Republicans have dubbed the healthcare bill the “job-killing” or “job-destroying” healthcare act. What is your response to this? What are the bill’s actual impacts on jobs and the economy?
To the dismay of folks across the country, Republicans have opted for the status quo and have continued to operate with their same old games and political rhetoric.
Bottom line—the healthcare reform is not about killing jobs. It’s also about our dire need to address healthcare costs and our national deficit. It’s about creating jobs for millions of Americans, and strengthening the middle class for hard-working families.
American families are struggling to make ends meet and are fighting off foreclosures to stay in their homes. They are also living without proper healthcare, which is overwhelming local hospitals and taking its toll on the health and wallets of millions of Americans.

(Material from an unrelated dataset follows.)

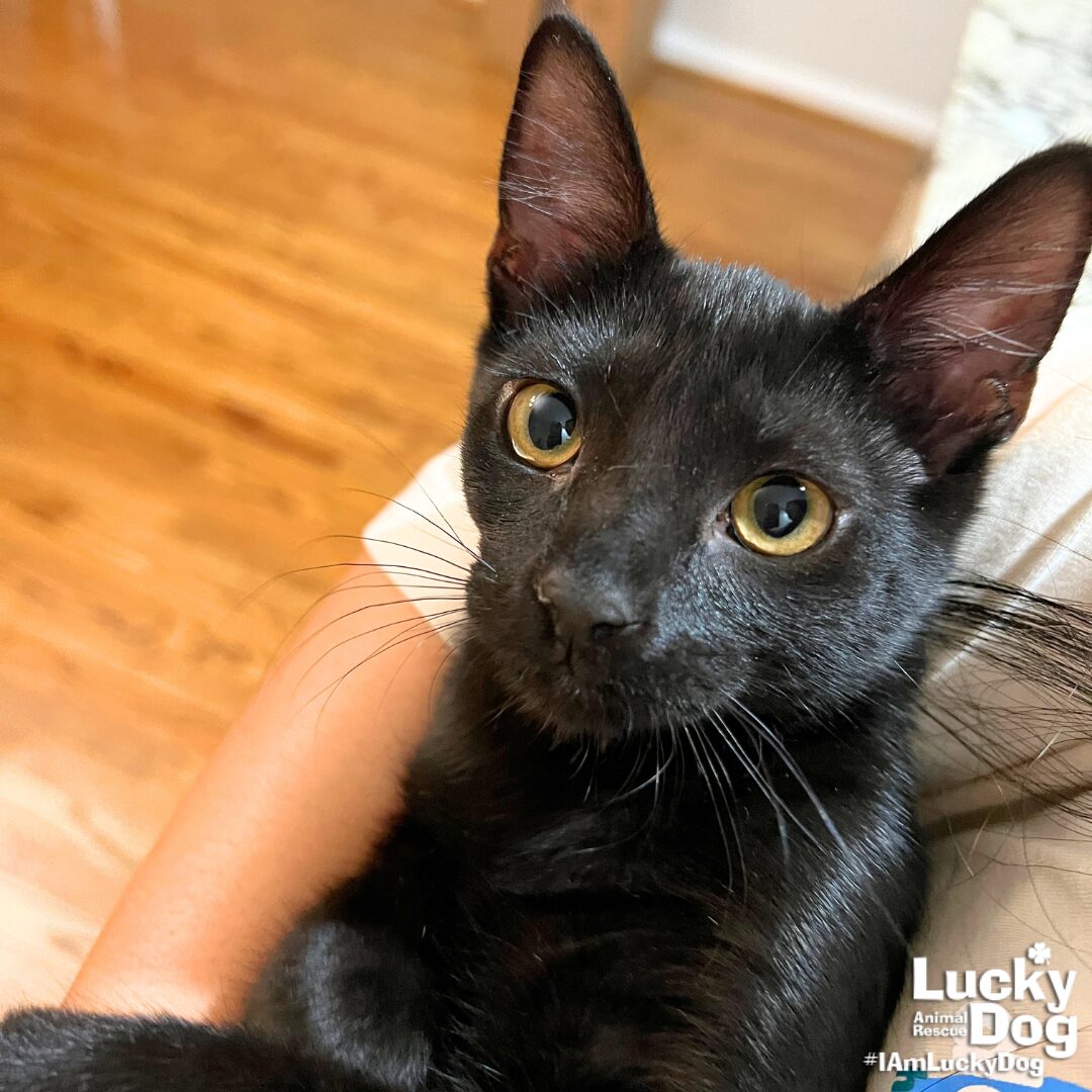 Please contact Mollie Gorney (mollieg@luckydoganimalrescue.org) for more information about this pet.Nala is in search of her kingdom!NALA NEEDS A FOREVER HOME!!!!! Name: Nala Best Guess for Breed: Domestic Short Hair Age: 8 months as of 12/13/24 (Estimated DOB: 4/9/24) SEX: Female Approximate Weight: 4.93 lb as of 8/5/24 Coloring: Black Type of Hair: Short Litter: Nala, Nova Gets Along With: Because of her young age, Nala will likely get along with other cats, dogs and kids with an acclimation period. We’re happy to help with tips and tricks! Currently Living at: Meo Maison Cat Cafe Check out our Lucky Cats on Instagram at the Meo Maison Cat Cafe Méo Maison Cat Cafe (1336 Wisconsin Ave NW, Washington, DC 20007). You can come visit me at Méo Maison Cat Cafe during the cafe’s operating hours! If you would like to visit the cafe, please make an appointment on their website (meomaison.com). If you want to adopt me, you will need to complete the adoption process through Lucky Dog Animal Rescue. I am Looking For: My loving forever family! Hi! I’m Nala, and I am a cute little kitten! I won’t ask for much- just some love, cuddles and lots of toys so I can run and play and be my kitten self. Two kittens are better than one, and I’d love to be adopted with one of my super cute siblings! What My Foster Says About Me: 7/31/24: Nala is on the more curious and playful side compared to her sister Nova but is also shy at first. She enjoys playing with toys and chasing her sister as well as other toys. With time she was able to get along with another kitten her age. She is also affectionate and will try to get as close to you as possible by going on top of you. She likes to follow you around the house and she purrs pretty easily and is ready to be anyone’s forever loving kitty!9/6:/24: Nala and Nova love to play with each other as well as with any toy, yarn, laser. After they get some play time they love to receive rubs and will purr very easily. Nova is very curious and enjoys following you around like a puppy and Nala likes to follow but also observe from a short distance. They are playful, affectionate, and recently they are starting to have their adult fur slowly grow in.9/9/24: They are curious kitties and will follow you where you go.9/24/24: Nova and Nala are friendly and energetic kitties who loves to play but also loves to have their rub sesh. They love to chase after toys and play tag/wrestle with each other. They like to be in human presence and receive attention.10/9/24: Nova and Nala are 2 spunky girls. They are in their most zoomy fun phase currently. They don’t have as much time for cuddles as when they were younger, but they enjoy pets if you find that rare moment they are sitting still. They are getting along well with my resident cats and following all the cat social etiquettes. Kitten Vetting Requirements: Your kitten may not be fully vaccinated upon adoption. You will be responsible for providing whatever remaining vaccines are needed to complete the kitten vaccine series. TO ADOPT: The adoption fee for adult cats is $200 ($350 for two cats adopted together). The adoption fee for a kitten (under 7 months old) is $220 ($380 for two kittens adopted together).If you are interested in adopting, please complete the Adoption Questionnaire online at bit.ly/adoptaluckycat. Lucky Dog Animal Rescue does our best to provide accurate information about the cats we have for adoption. That said, we cannot make any guarantees about age, breed or temperament. Thank you for contacting Lucky Dog Animal Rescue and helping to save a life! Please visit us online at www.luckydoganimalrescue.org . BE A FOSTER!!! Fosters make it possible for Lucky Dog Animal Rescue to save and care for homeless and abandoned dogs! To learn about fostering, please contact fostering@luckydoganimalrescue.org BE A SPONSOR!!!! Sponsors help Lucky Dog support the many dogs we save. To learn more about sponsorship, please contact info@luckydoganimalrescue.org !

Today, health care reform has improved coverage for 362,000 residents on the Central Coast, and has extended tax credits to up to 132,000 families and small business to help pay for healthcare coverage. At a time when families continue to struggle against the lingering effects of the worst economic recession in more than 50 years, the enacted healthcare reforms are making a real and positive impact in people’s lives—both in terms of health and affordability.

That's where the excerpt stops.